=== Requirement ===
Nothing except the pictures should be left out when you reproduce the listing exactly.

=== Given material ===
################
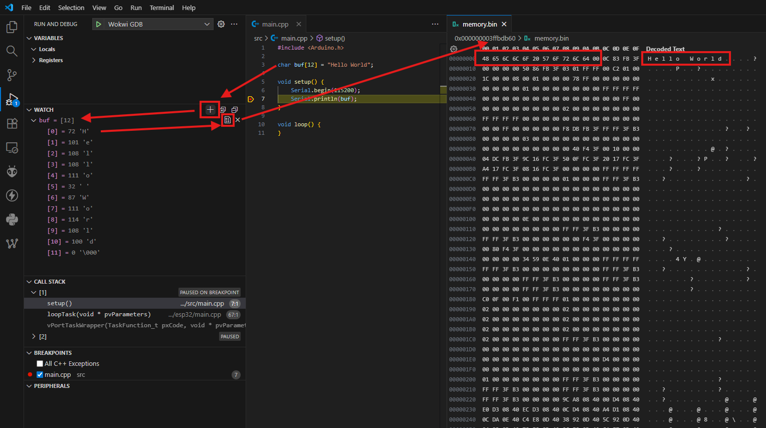 But it would be much more comfortabel if the same could be used in the field called MEMORY. It’s usually at the left hand side where also the ‘CALL STACK’, ‘BREAKPONTS’, ’VARIABLES’ ect… is show and can be set.
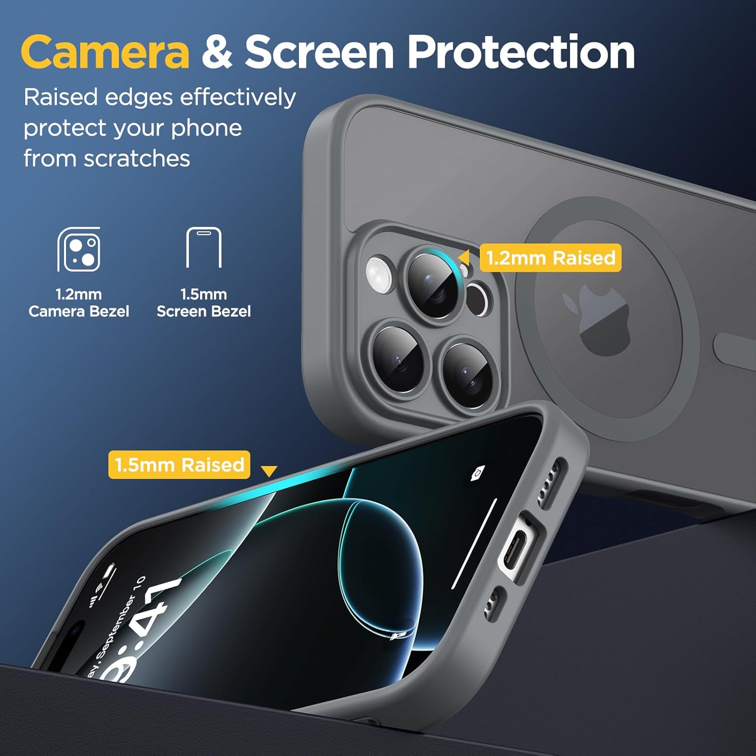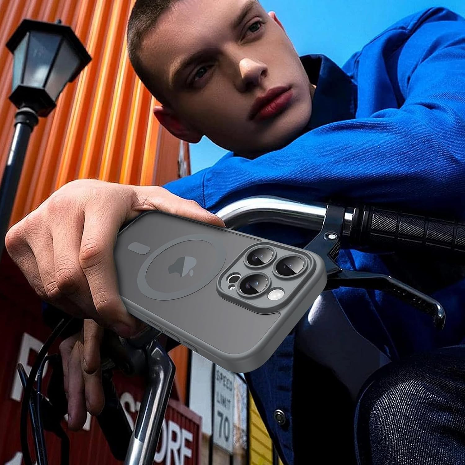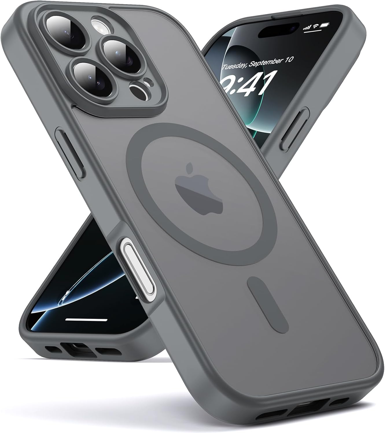 Oududianzi - Кейс за iPhone 16 Pro, Съвместим с Magsafe калъф за мобилен телефон, Прозрачен матов PC гръб TPU силиконов защитен калъф, Защита на камерата, Прозрачен мат, Устойчив на надраскване
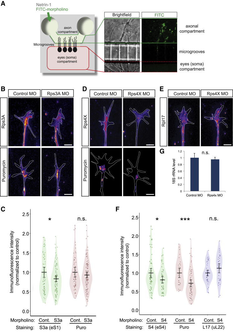 Figure 6. Locally Synthesized Rps4x/eS4 Is Required to Maintain Ribosome Function in Axons(A) Diagram (left) and image of RGC axons after FITC-morpholino introduction in a microfluidic chamber.(BâF) Images (B, D, and E) and QIF plots (bars, average, 95% CI, and distribution of normalized levels) (C and F) of Rps3a/eS1, Rps4x/eS4, Rpl17/uL22, and puromycin immunostaining in axons treated with control morpholinos (Cont.) or with morpholinos against rps3a (eS1) (B and C) or against rps4x (eS4) (DâF), with Welch t test (âp = 0.030, C; 0.015, F; âââp = 0.0004; n.s., not significant).(G) qRT-PCR quantification, normalized to control MO, of 18S rRNA in axonal samples treated with control or rps4x (eS4) morpholinos (n.s., not significant in Mann-Whitney U test). |
################
=== Solution to this problem ===
 But it would be much more comfortabel if the same could be used in the field called MEMORY. It’s usually at the left hand side where also the ‘CALL STACK’, ‘BREAKPONTS’, ’VARIABLES’ ect… is show and can be set.
 Oududianzi - Кейс за iPhone 16 Pro, Съвместим с Magsafe калъф за мобилен телефон, Прозрачен матов PC гръб TPU силиконов защитен калъф, Защита на камерата, Прозрачен мат, Устойчив на надраскване
 Figure 6. Locally Synthesized Rps4x/eS4 Is Required to Maintain Ribosome Function in Axons(A) Diagram (left) and image of RGC axons after FITC-morpholino introduction in a microfluidic chamber.(BâF) Images (B, D, and E) and QIF plots (bars, average, 95% CI, and distribution of normalized levels) (C and F) of Rps3a/eS1, Rps4x/eS4, Rpl17/uL22, and puromycin immunostaining in axons treated with control morpholinos (Cont.) or with morpholinos against rps3a (eS1) (B and C) or against rps4x (eS4) (DâF), with Welch t test (âp = 0.030, C; 0.015, F; âââp = 0.0004; n.s., not significant).(G) qRT-PCR quantification, normalized to control MO, of 18S rRNA in axonal samples treated with control or rps4x (eS4) morpholinos (n.s., not significant in Mann-Whitney U test). |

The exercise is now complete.